要注意的是,也可以将DQN中的Target Network和Replay Memory引⼊到DDPG中,因此需要建⽴四
个神经⽹络:Critic⽹络、Target_Critic⽹络、Actor⽹络、Target_Actror⽹络。因此,整个DDPG的框架如下图:
这个框架很清晰的讲解了DDPG算法的核⼼,可以多看⼏遍深⼊了解。
2. DDPG算法代码
如果搞懂了DDPG算法的核⼼内容,要实现它还是挺容易的,参考前⼏节的DQN算法,这⾥直接上完整代码,结合注释很清晰的能看懂:
import torch
as nn
functional as F
import numpy as np
import gym
>>>>#  hyper parameters  >>>>
EPISODES =1000# 进⾏多少个Episode
STEPS =200# 每个Episode进⾏多少step
TEST =5# 测试时进⾏多少个Episode
LR_ACTOR =0.001# Actor和Critic的学习率
LR_CRITIC =0.002
GAMMA =0.9
MEMORY_CAPACITY =10000# 经验池的⼤⼩
BATCH_SIZE =32# 从经验池中取出每个bath的数量
ENV_NAME ='Pendulum-v0'
env = gym.make(ENV_NAME)
env = env.unwrapped  # ⽤env.unwrapped可以得到原始的类,原始类想step多久就多久,不会200步后失败:
env.ed(1)# 随机种⼦
s_dim = env.obrvation_space.shape[0]# 状态的个数
a_dim = env.action_space.shape[0]# 动作的个数
a_bound = env.action_space.high          # 动作的上下限
a_low_bound = env.action_space.low
TAU =0.01# ⽤于target⽹络软更新的参数
>>>>># DDPG Framework >>>>##
# # # # Actor策略⽹络的模型,2层全连接层 # # # #
class ActorNet(nn.Module):
广东省大学排名
def__init__(lf, s_dim, a_dim):
super(ActorNet, lf).__init__()
lf.fc1 = nn.Linear(s_dim,30)
lf.fc1.al_(0,0.1)# initialization of FC1
lf.out = nn.Linear(30, a_dim)
lf.out.al_(0,0.1)# initilizaiton of OUT
def forward(lf, x):
x = lf.fc1(x)
x = F.relu(x)
x = lf.out(x)
x = torch.tanh(x)# tanh函数,把输出限制在[-1,1]的范围内
actions = x *2# for the game "Pendulum-v0", action range is [-2, 2]
return actions
# # # # Critic评价⽹络的模型,3层全连接层 # # # #
class CriticNet(nn.Module):
def__init__(lf, s_dim, a_dim):
super(CriticNet, lf).__init__()
水浒传好汉
lf.fcs = nn.Linear(s_dim,30)
英语我怎么写lf.fcs.al_(0,0.1)
lf.fca = nn.Linear(a_dim,30)
lf.fca.al_(0,0.1)
lf.out = nn.Linear(30,1)
lf.out.al_(0,0.1)
def forward(lf, s, a):
x = lf.fcs(s)
y = lf.fca(a)
actions_value = lf.lu(x + y))# critic⽹络的输⼊值是s,a两个值
return actions_value
>>>>># DDPG Class >>>>##
# # # # 建⽴DDPG主要的类 # # # #
class DDPG(nn.Module):
def__init__(lf,act_dim,obs_dim,a_bound):
super(DDPG,lf).__init__()
# 建⽴状态、动作的参数
lf.act_dim = act_dim
lf.obs_dim = obs_dim
lf.a_bound = a_bound
# 记忆库的参数,当超过记忆库总量时开始训练
lf.pointer =0
# 建⽴四个⽹络
lf.actor_eval = ActorNet(obs_dim, act_dim)

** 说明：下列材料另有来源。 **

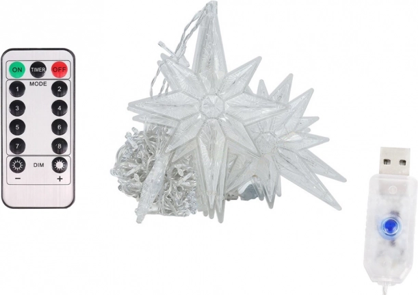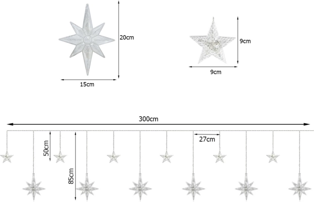 Záves obsahuje 6 veľkých hviezd a 6 menších hviezd, s celkovou dĺžkou 5 m. Môžete si vybrať z 8 rôznych svetelných programov pre vytvorenie požadovanej atmosféry pomocou dodaného diaľkového ovládania.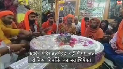 VIDEO : सदा शिव ध्यूंसर महादेव मंदिर में गंगाजल से किया शिवलिंग का जलाभिषेक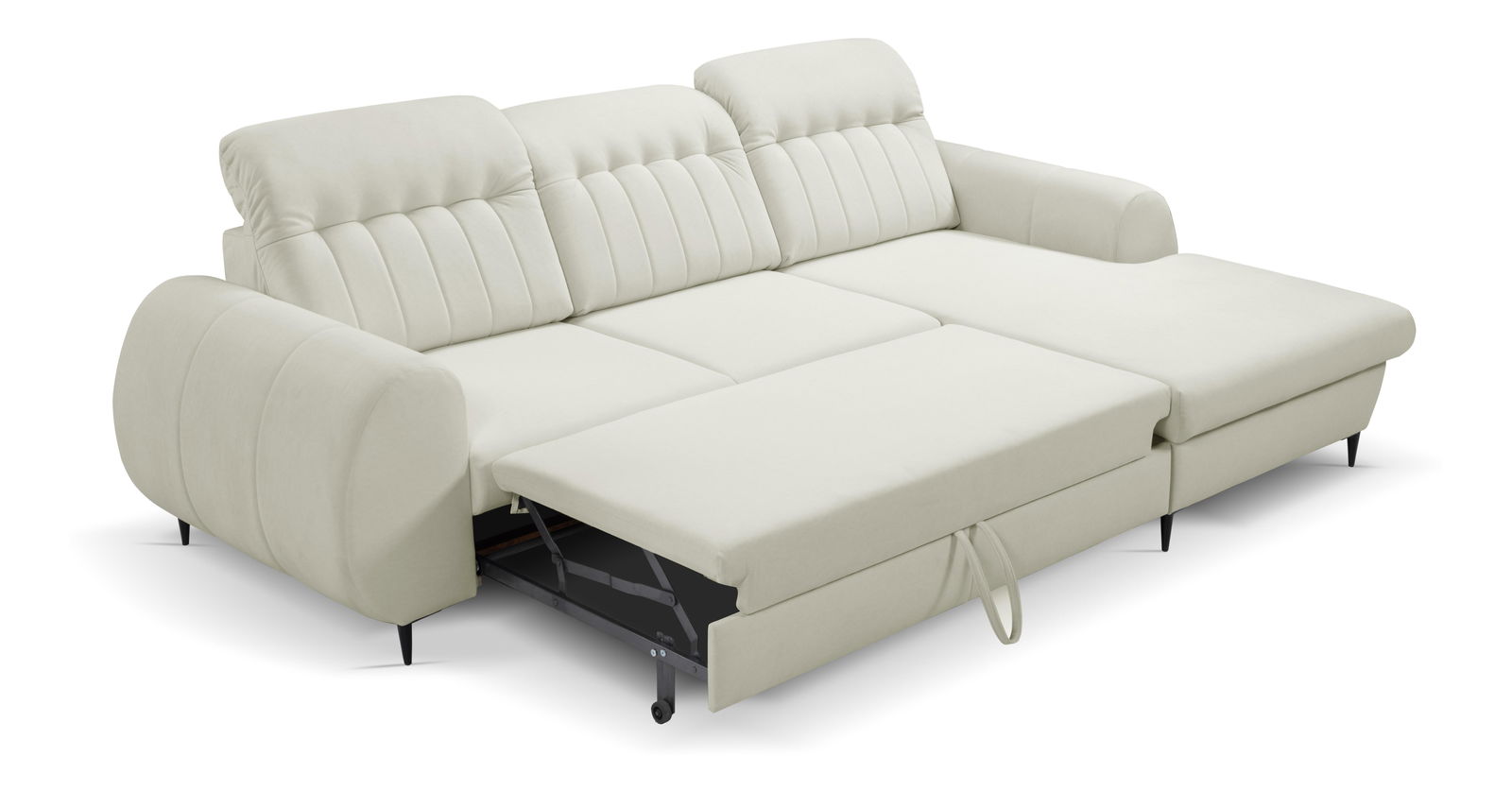 ZobrazitRohová sedačka s konstrukcí z borovicového dřeva, dřevotřísky a překližky nabízí spolehlivou pevnost a odolnost. Sedák je vyroben z PUR pěny T-3042 a T-2542, což zaručuje pohodlné a příjemné sezení. Sedačka je rozkládací a nabízí plochu na spaní o rozměrech 125 x 213 cm, což je ideální pro hosty nebo příležitostné přespání. Výška sezení je 43 cm, hloubka sezení 60 cm a výška područky 62 cm, což přispívá k optimálnímu pohodlí. Sedačka disponuje úložným prostorem o rozměrech 155 x 67 x 16,9 cm, kde můžete uschovat ložní prádlo nebo jiné věci. Hřbet je potažen stejnou látkou, čímž se dosahuje jednotného vzhledu. Sedačka má nastavitelné opěrky hlavy pro ještě větší komfort. Nožičky jsou kovové (5 ks, 10 cm) a plastové (2 ks, 10 cm a 2 ks, 4,5 cm), což zaručuje stabilitu a odolnost. Typ rozkládání je DL automat a sedačka je čalouněna kvalitní tkaninou Castel, která přidává na eleganci a trvanlivosti.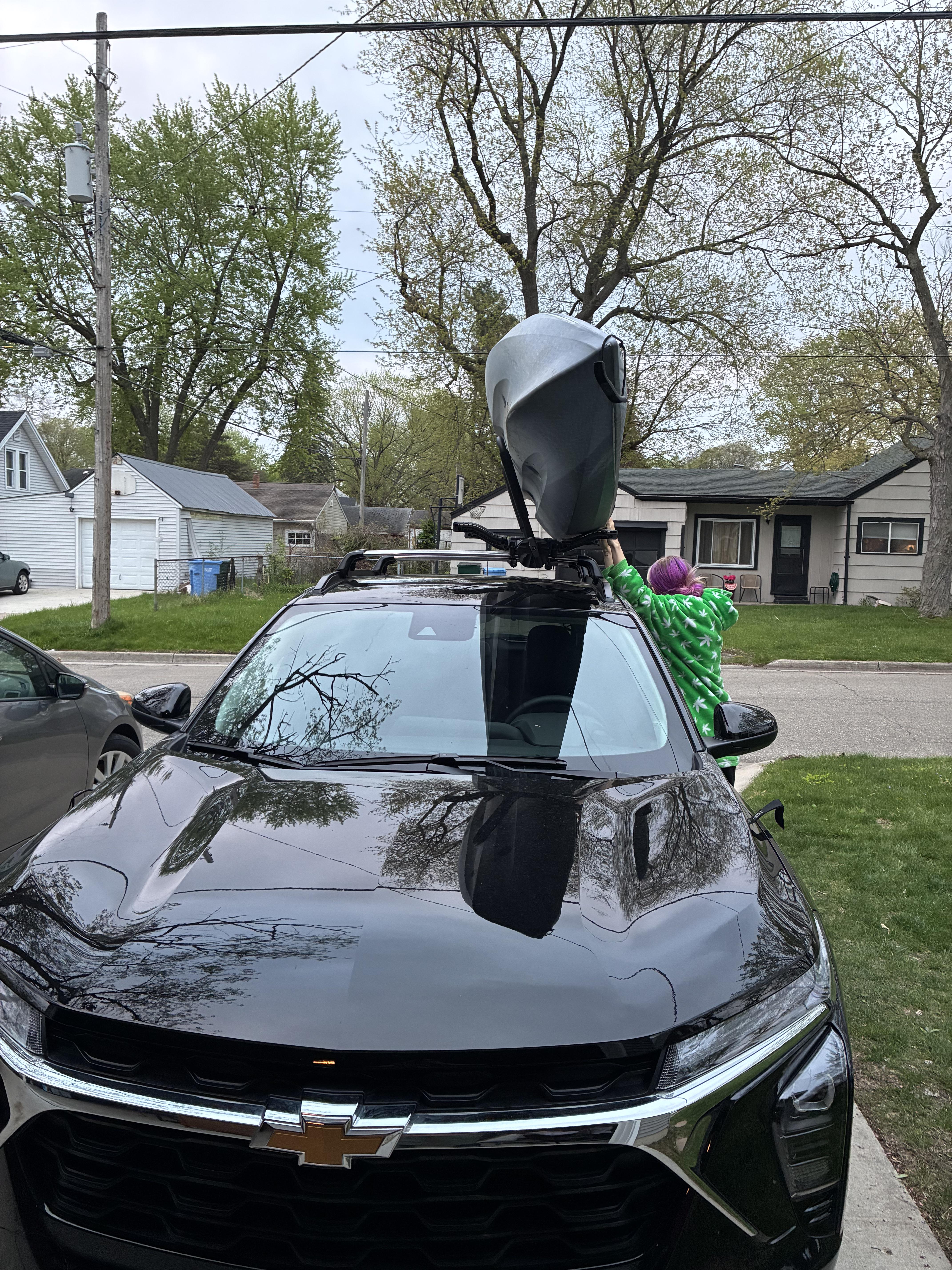 Forgot to take a pic all strapped in. I did a test run today with my new car and kayak rack. I drove it up to the self serve car and gave it a bath. Everything went smooth. Im nervous about my bow and stern lines though. How do you guys tie down?

lf.actor_target = ActorNet(obs_dim, act_dim)
# 建⽴经验回放库
< = np.zeros((MEMORY_CAPACITY, s_dim *2+ a_dim +1), dtype=np.float32) # 建⽴⽹络优化器和loss有害垃圾桶
lf.actor_optimizer = torch.optim.Adam(lf.actor_eval.parameters(), lr=LR_ACTOR)
lf.loss_func = nn.MSELoss()
# 动作选择的函数
def choo_action(lf,obs):
obs = torch.unsqueeze(torch.FloatTensor(obs),0)
action = lf.actor_eval(obs)[0].detach()
return action
# 经验回放的函数
def store_transition(lf,obs,action,reward,next_obs):
transition = np.hstack((obs, action,[reward], next_obs))
index = lf.pointer % MEMORY_CAPACITY  # replace the old data with new data
<[index,:]= transition
lf.pointer +=1
# 学习的函数
def learn(lf):
#  target ⽹络的软更新
for x in lf.actor_target.state_dict().keys():# state_dict,它包含了优化器的状态以及被使⽤的超参数
for x in lf.actor_target.state_dict().keys():# state_dict,它包含了优化器的状态以及被使⽤的超参数eval('lf.actor_target.'+ x +'.data.mul_((1-TAU))')
eval('lf.actor_target.'+ x +'.data.add_(TAU*lf.actor_eval.'+ x +'.data)')
for x itic_target.state_dict().keys():
eval('lf.critic_target.'+ x +'.data.mul_((1-TAU))')
eval('lf.critic_target.'+ x +'.data.add_(itic_eval.'+ x +'.data)')
# 从经验池中取⼀个batch的数据
indices = np.random.choice(MEMORY_CAPACITY, size=BATCH_SIZE)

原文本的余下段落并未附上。